● **GIVEN DATA**
Start of Block

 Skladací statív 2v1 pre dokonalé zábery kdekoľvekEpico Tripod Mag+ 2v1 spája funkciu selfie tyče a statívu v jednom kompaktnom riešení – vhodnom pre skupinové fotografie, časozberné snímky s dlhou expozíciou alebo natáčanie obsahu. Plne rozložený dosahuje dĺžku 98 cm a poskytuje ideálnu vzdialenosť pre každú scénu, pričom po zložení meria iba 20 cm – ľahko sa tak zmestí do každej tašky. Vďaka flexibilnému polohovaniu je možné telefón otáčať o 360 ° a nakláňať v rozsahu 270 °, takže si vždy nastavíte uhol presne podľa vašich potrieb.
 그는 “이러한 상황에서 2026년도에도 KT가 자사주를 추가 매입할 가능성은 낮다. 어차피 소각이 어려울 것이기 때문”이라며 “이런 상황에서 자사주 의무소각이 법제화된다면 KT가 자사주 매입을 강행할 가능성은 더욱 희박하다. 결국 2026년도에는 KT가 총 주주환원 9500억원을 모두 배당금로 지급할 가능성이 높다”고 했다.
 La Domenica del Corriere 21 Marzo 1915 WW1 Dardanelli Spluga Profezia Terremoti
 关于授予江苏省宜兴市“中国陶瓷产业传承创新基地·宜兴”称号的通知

End of Block
Start of Block

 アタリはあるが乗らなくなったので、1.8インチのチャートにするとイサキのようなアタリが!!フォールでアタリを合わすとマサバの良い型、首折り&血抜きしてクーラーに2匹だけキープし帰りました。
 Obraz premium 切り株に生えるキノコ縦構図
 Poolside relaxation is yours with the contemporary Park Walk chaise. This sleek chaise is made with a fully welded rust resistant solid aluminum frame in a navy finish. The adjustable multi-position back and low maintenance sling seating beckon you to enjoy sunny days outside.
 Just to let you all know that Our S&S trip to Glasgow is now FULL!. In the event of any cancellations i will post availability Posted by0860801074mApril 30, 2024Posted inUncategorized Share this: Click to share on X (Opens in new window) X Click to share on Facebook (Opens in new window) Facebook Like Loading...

End of Block
Start of Block

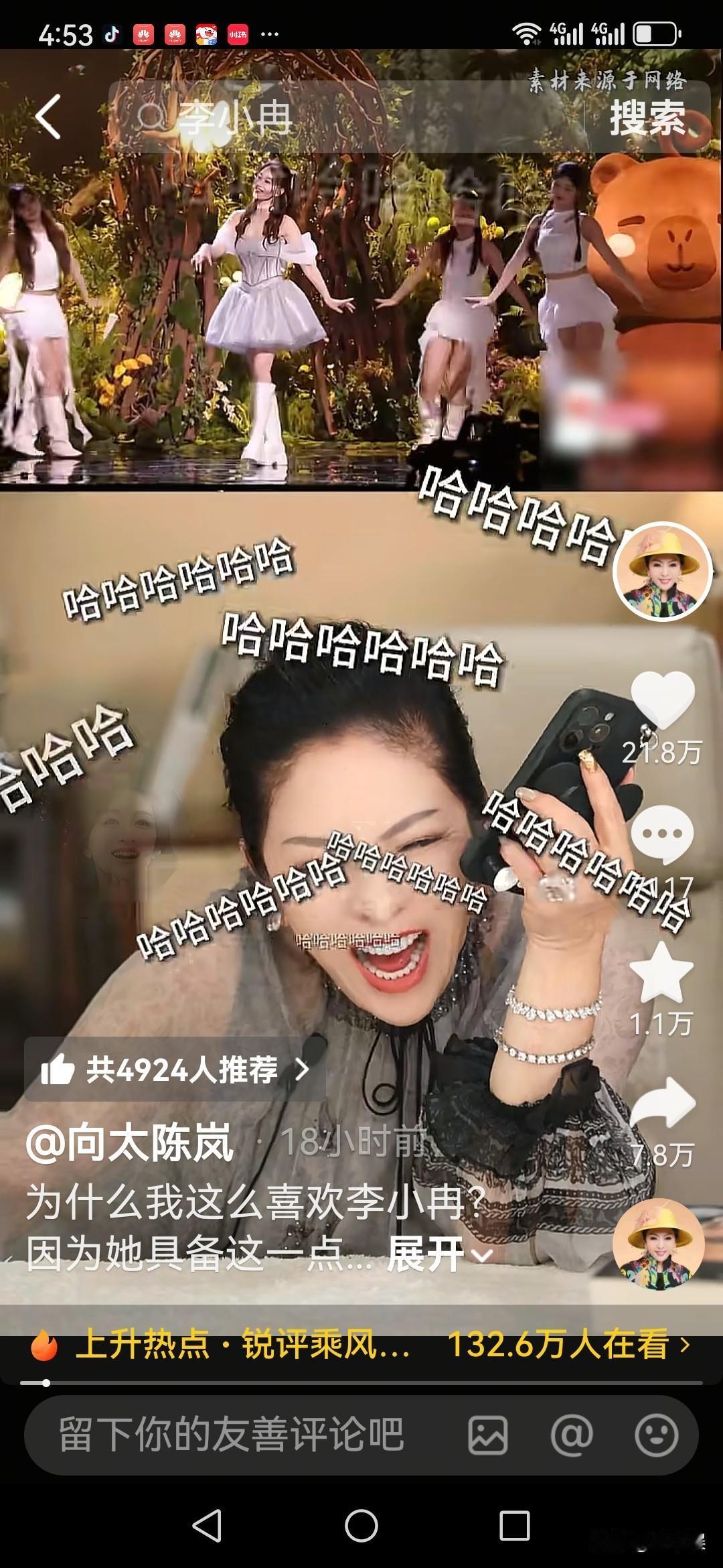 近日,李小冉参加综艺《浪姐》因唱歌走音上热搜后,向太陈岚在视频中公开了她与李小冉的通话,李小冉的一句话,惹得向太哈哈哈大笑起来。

End of Block

● **WHAT THE EXERCISE ASKS**
Please return only the lines above, starting at the line that has "アタリはあるが乗らなくなった" and ending at the line that has "Just to let", keeping both and leaving each one unchanged.

● **OUTPUT BELOW**
 アタリはあるが乗らなくなったので、1.8インチのチャートにするとイサキのようなアタリが!!フォールでアタリを合わすとマサバの良い型、首折り&血抜きしてクーラーに2匹だけキープし帰りました。
 Obraz premium 切り株に生えるキノコ縦構図
 Poolside relaxation is yours with the contemporary Park Walk chaise. This sleek chaise is made with a fully welded rust resistant solid aluminum frame in a navy finish. The adjustable multi-position back and low maintenance sling seating beckon you to enjoy sunny days outside.
 Just to let you all know that Our S&S trip to Glasgow is now FULL!. In the event of any cancellations i will post availability Posted by0860801074mApril 30, 2024Posted inUncategorized Share this: Click to share on X (Opens in new window) X Click to share on Facebook (Opens in new window) Facebook Like Loading...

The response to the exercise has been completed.